Zoe was in the produce department of the neighborhood grocery store, actually shopping for food this time. She put down the casaba melon she was considering and looked at the man who’d spoken to her.
My, my!
He was about average height and extremely handsome; one of those men so perfect that there was a suggestion he might be effeminate. But there was also something about this guy that said otherwise—that shouted otherwise. He was wearing an obviously expensive tan raincoat, unbuttoned to reveal a dark suit, white on white shirt, and silky red tie. A gold ring, then a gold watch, glittered as he pointed at the melon.
“Sorry to interrupt your melon squeezing,” he said with a great smile, “but I already tested that one.”
“I don’t resent a kind gesture,” Zoe said, scrambling to maintain her mental balance. “Kindness is what makes the world go round.”
“Don’t we all wish?”
“
Should
make the world go round,” she amended. This was a fish she didn’t want to swim away. “What I was really looking for was arugula. I’m going to a dinner party and I promised the hostess I’d buy some for the salad. I was too ashamed to tell her I didn’t know what it was. Do you have any idea what it looks like?”

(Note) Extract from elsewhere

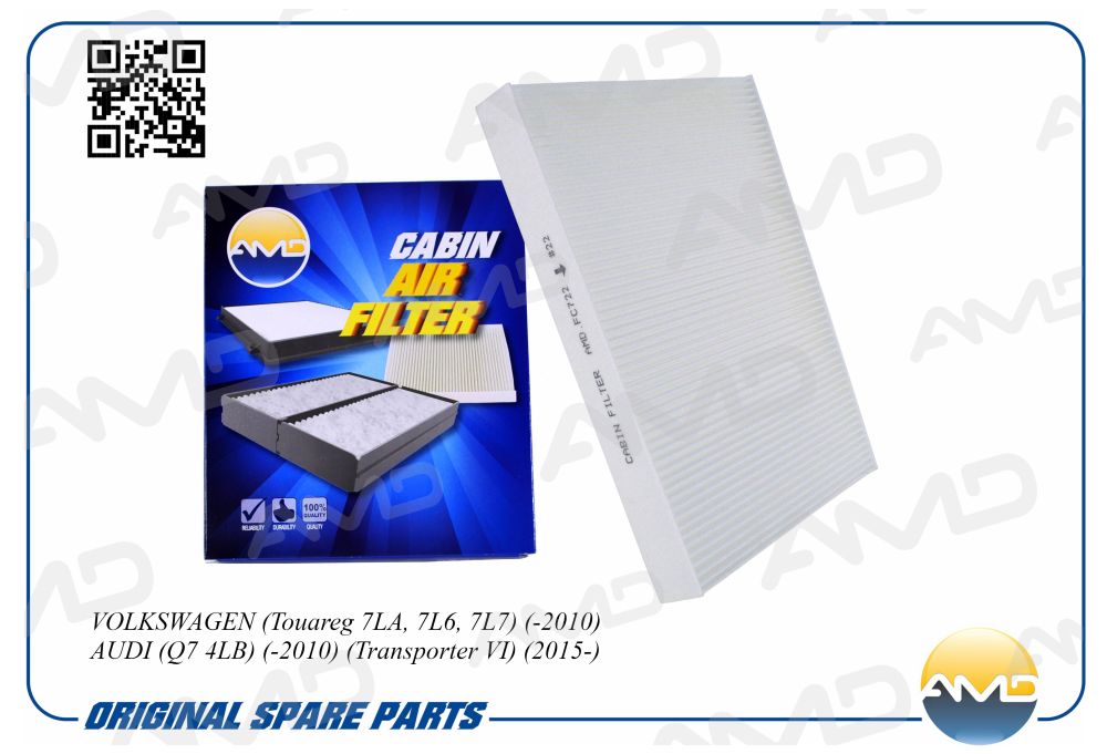 AMD.FC722 AMD Фильтр салонный VOLKSWAGEN Touareg 7LA, 7L6, 7L7, -2010, AUDI Q7 4LB, -2010, Tra

He studied her with steady, calm eyes, so appraisingly, the way he might size up the produce.
His smile again, wider. “You know perfectly well what arugula is.”
Huh?
She shifted her weight from leg to leg like an embarrassed schoolgirl. “Yeah, I guess I do.”
“That’s not to say there’s nothing I could teach you,” he said, still smiling.
Zoe was grinning now. She knew this drill. “Aren’t you the bold one?”
“The realistic one. Maybe the simple one.”
“Simple?”
“When I see a woman as desirable as you, I try to get to know her better. Simple as that.”
“Suppose I’m attached, maybe married?”
“You’re not. I’ve seen you shopping in this grocery store before.”
“Alone, you mean?”
“I don’t want you to walk out of here and out of my life,” he said, ignoring her question.